When that future will be is uncertain, as tape manufacturers are struggling to re-gain their marketing moxie. While the tape market sorts itself out, it would be tempting for users to try and implement their own solutions integrating tape and other solutions. This temptation should be resisted in large data centers, as should any attempt to phase out tape. Rather, good practice from the mainframe world should be implemented in the open world.
Action Item: Storage executives should resist attempts to integrate tape and disk technologies, and wait for vendors to provide solutions. In a time of flux, it will be unclear what solutions will survive in the marketplace. Storage executives should not be afraid to implement different solutions for each storage pool.
There is a rapidly growing segment of data that needs to be available 24x7 to all the stakeholders of an organization, customers, partners, suppliers, and community. This data needs to be optimally placed, balancing user response time and bandwidth usage against the cost of holding multiple distributed copies.
File systems such as those from Amazon (Amazon S3) and Google (GFS) spread the data over the network with multiple servers, storage devices and data centers, using commodity hardware and software. The file system is designed to expect failures from the technologies and the software, and to be able to recover from any such failure.
If this technology is solid, does this obviate the need for this class of data to be backed up? Time will tell if tape is dead for this class of data, but if it does, it introduces a significant potential saving in storage costs and complexity. What is clear is that there are many new storage topologies that will be possible with different combinations of storage and network technologies.
Action item: It will take some years before the market decides what combinations of storage topologies are optimum, as vendors and customers try different approaches to melding file system, disk storage, tape storage and network technologies. Organizations should ensure that experience is gained with multiple storage approaches, and that they are tested at all stages from application design to operational implementation. Storage needs to be organized to encourage different approaches, including outsourcing storage to third parties.
With STK gone who will be the new "King of Tape?" While IBM looks to be the early favorite, there is no clear innovator or leader in the space who makes tape its top priority and funds the business accordingly. At IBM, services remains #1 and at Sun (now Oracle), it doesn't appear tape is on a par with servers, Java or battling Windows. Despite HP's approxmiate 20% marketshare, generating demand for ink is its main goal, far surpassing any potential interest in dominating the tape market.
Companies like EMC and NetApp, who make virtually all their revenues from disk-related technologies and services, will continue to try and position tape's death as imminent, however they are not likely to succeed any time soon. Tape vendors must fight this challenge by articulating clearly that the future of tape includes disk and creating direct pathways between T2 and T3 storage. Specifically, the ability to bring together T2 and T3 strategies with data movement approaches that don't invoke servers or appliances.

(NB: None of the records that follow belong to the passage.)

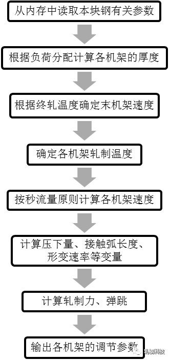 圖1所示為精軋?jiān)O(shè)定模型計(jì)算原理圖的主要思路,不代表編寫程序所用的細(xì)框圖,因此只是展現(xiàn)了大概的計(jì)算流程,看圖可以初步了解精軋?jiān)O(shè)定模型的大致控制思路。
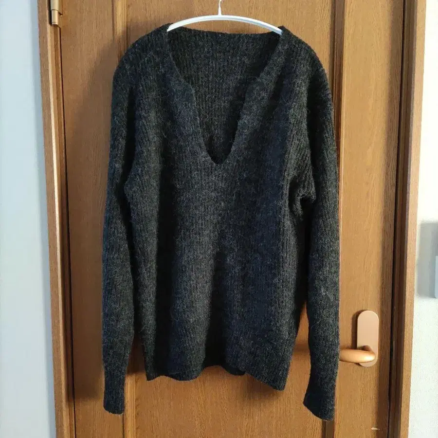 다크 그레이 V넥 니트 스웨터 긴팔
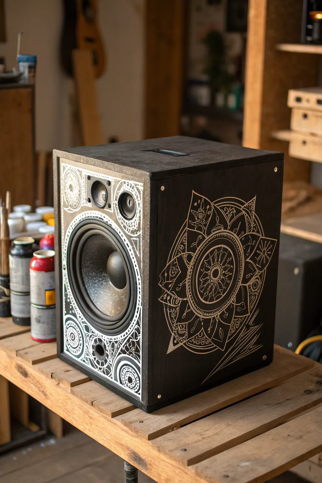 Upgrade your sound with art: Change your bass speaker box using spectacular pattern designs.

Tape vendors who have data center experience with T2-->T3 migration strategies can bring substantial credibility to the table, drawing on years of experience helping customers solve a variety of problems related to backup, remote replication, archiving, compliance and fixed content management. Tape vendors, however must address data de-duplication directly or with other data reduction strategies to preserve the backup market. This includes placing de-dupe function in VTL's and siphoning data off to tape while the VTL controller manages 'house cleaning' items.
Acton Item. Bringing mainframe class automation to T2-->T3 migration and open systems is a viable business opportunity. Tape vendors must fill this void or continue to be marginalized by clever disk marketers.